3.4. Attention Query Strategy

As shown in Equ. (3), the input sequence comprises two distinct categories of tokens, namely prompt tokens and sentence tokens. However, the inclusion of additional unknown tokens can significantly impact the semantic meaning of the sentence and subsequently, the efficacy of relation extraction.

To mitigate the adverse impact of prompt tokens on sentence semantics, we employ an attention query strategy during the PLM encoding process. This approach utilises distinct query matrices for different token pairs in the self-attention layer to minimise the influence of prompt tokens on sentence semantics and enhance the quality of relation extraction outcomes. Further details are provided in Fig. 1.

The self-attention layer in the transformer encoder can be formulated as follow:

(11)

\operatorname{SelfAttn}(E)=\operatorname{softmax}(\frac{QE\cdot(KE)^{T}}{\sqrt{d}})\cdot VE,

where $E$ represents the input and $Q\in\mathbb{R}^{d\times d}$ , $K\in\mathbb{R}^{d\times d}$ , $V\in\mathbb{R}^{d\times d}$ denote the mapping matrices. In our method, we select different query mapping matrices depending on which pair of tokens are interacting: $Q_{pp}$ , $Q_{ps}$ , $Q_{sp}$ , and $Q_{ss}$ . The effective initialisation of pre-training parameters enables the method to maintain strong few-shot performance even when additional query matrices is incorporated.

3.5. Objective Function

We propose three loss functions to optimise the model parameters: mask loss for relation prediction, label loss for semantic consistency of label prompt tokens, and entity loss for improving entity awareness.

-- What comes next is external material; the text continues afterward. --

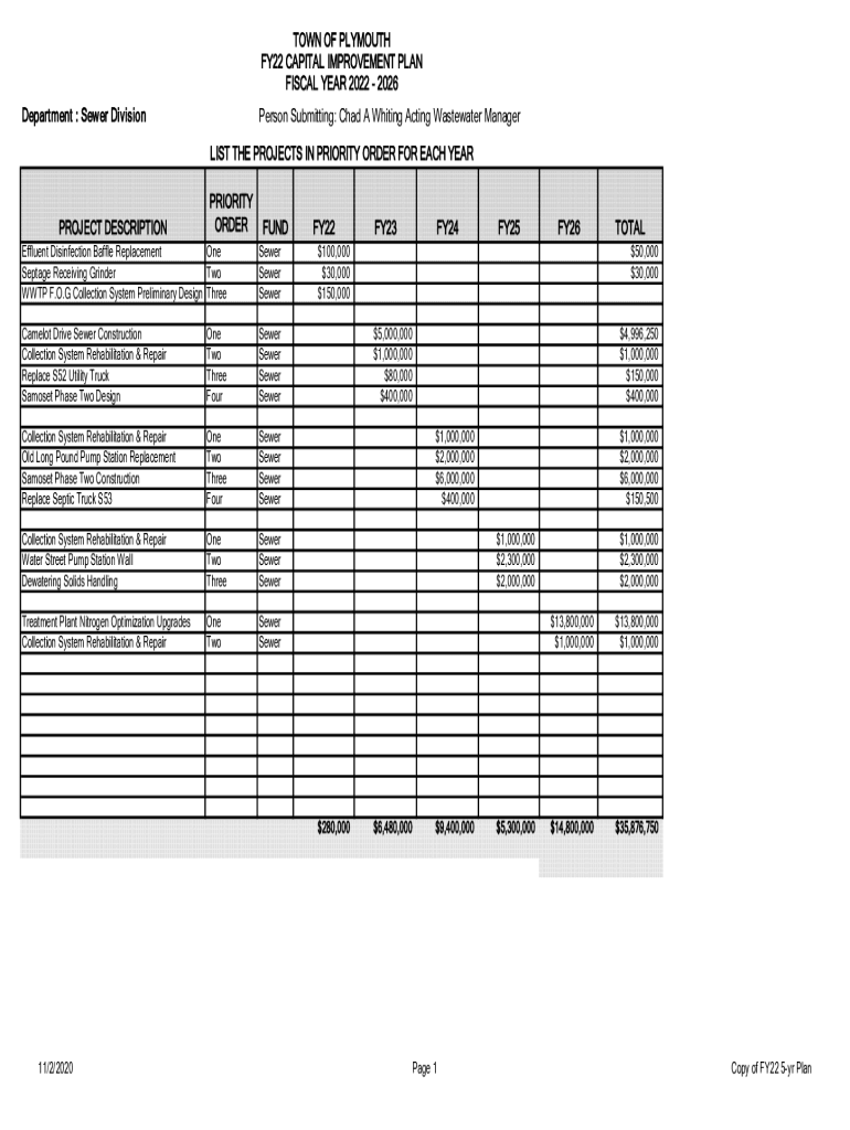 TOWN OF PLYMOUTH FY22 CAPITAL IMPROVEMENT PLAN FISCAL YEAR 2022 2026 Department : Sewer DivisionPerson Submitting: Chad A Whiting Acting Wastewater Manager LIST THE PROJECTS IN PRIORITY ORDER FOR
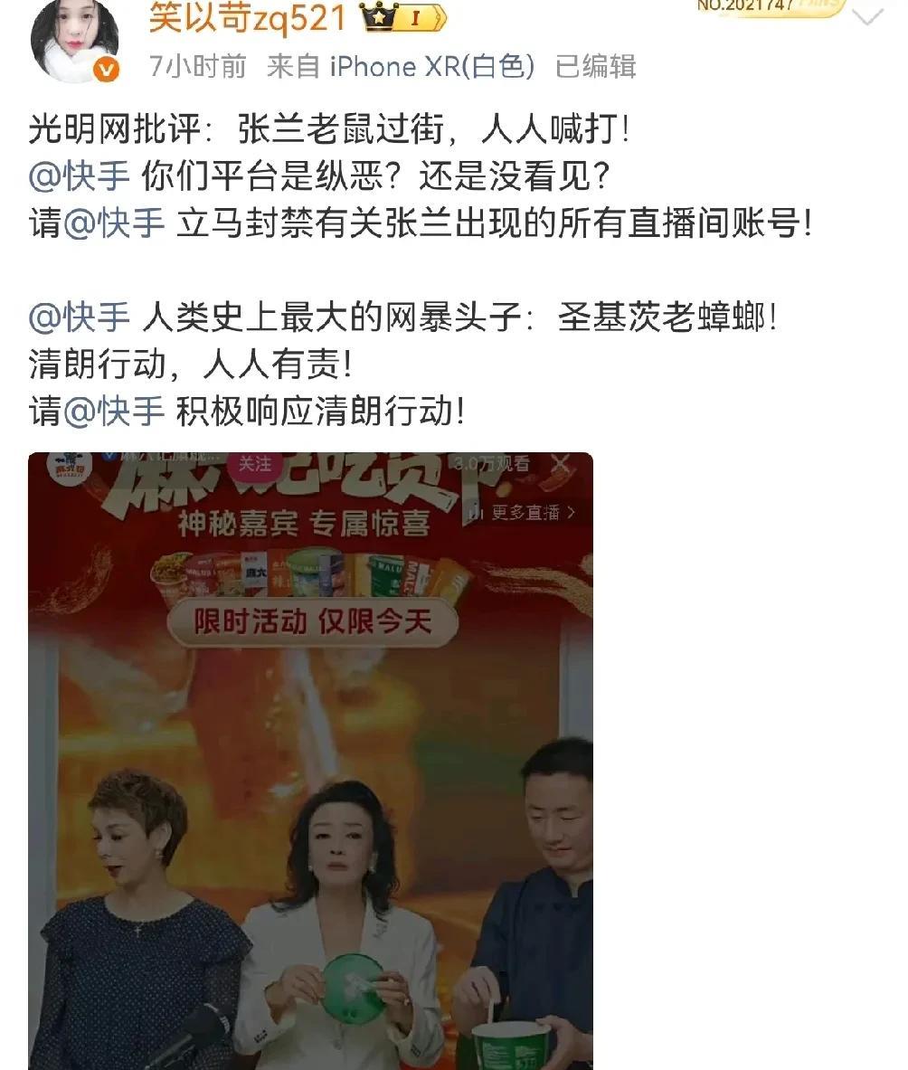 张兰这是唱哪出,时隔大半年开播,开播就生气,发火,把员工现场辞退了! 事情是这样的,8月23日,张兰在慢脚”开播,久未露面,张兰直播也十分卖力,又是试吃产品,又是跳舞活跃气氛,六十多岁的人了,真的很拼,说话都有点喘了,可是眼光毒辣的张兰,观察到一个员工工作不在状态,进进出出的,这是她还在的情况下都这个样子,可想而知她不在会啥样。 张兰是个藏不住事的人,一个没忍住,当场告诉那个员工,别在那比划了,看看你的业绩,看看你松松散散的样子,今天第一次见你,你就没踏踏实实管理过,你可以做交接了,吓得身边的老总洋洋赶紧说下来我跟她沟通。 其实,张兰可以等下播后再处理自家的事,这刚开播就怒目圆睁的,让黑宝宝趁虚而入了,笑某人连发数条博文,呼吁网友去ju bao,这是死磕到底的节奏呀!

Our objective is to minimise the final loss $\mathcal{L}$ which is the weighted sum of those losses:

(12)

\mathcal{L}=\mathcal{L}_{pred}+\alpha_{1}\mathcal{L}_{label}+\alpha_{2}\mathcal{L}_{entity},

where $\alpha_{1},\alpha_{2}$ are the weights for the label loss and entity loss, respectively. In this paper, we set them to 1 and 0.04 based on our empirical experimental results.

Table 2. Statistics of different datasets for relation classification.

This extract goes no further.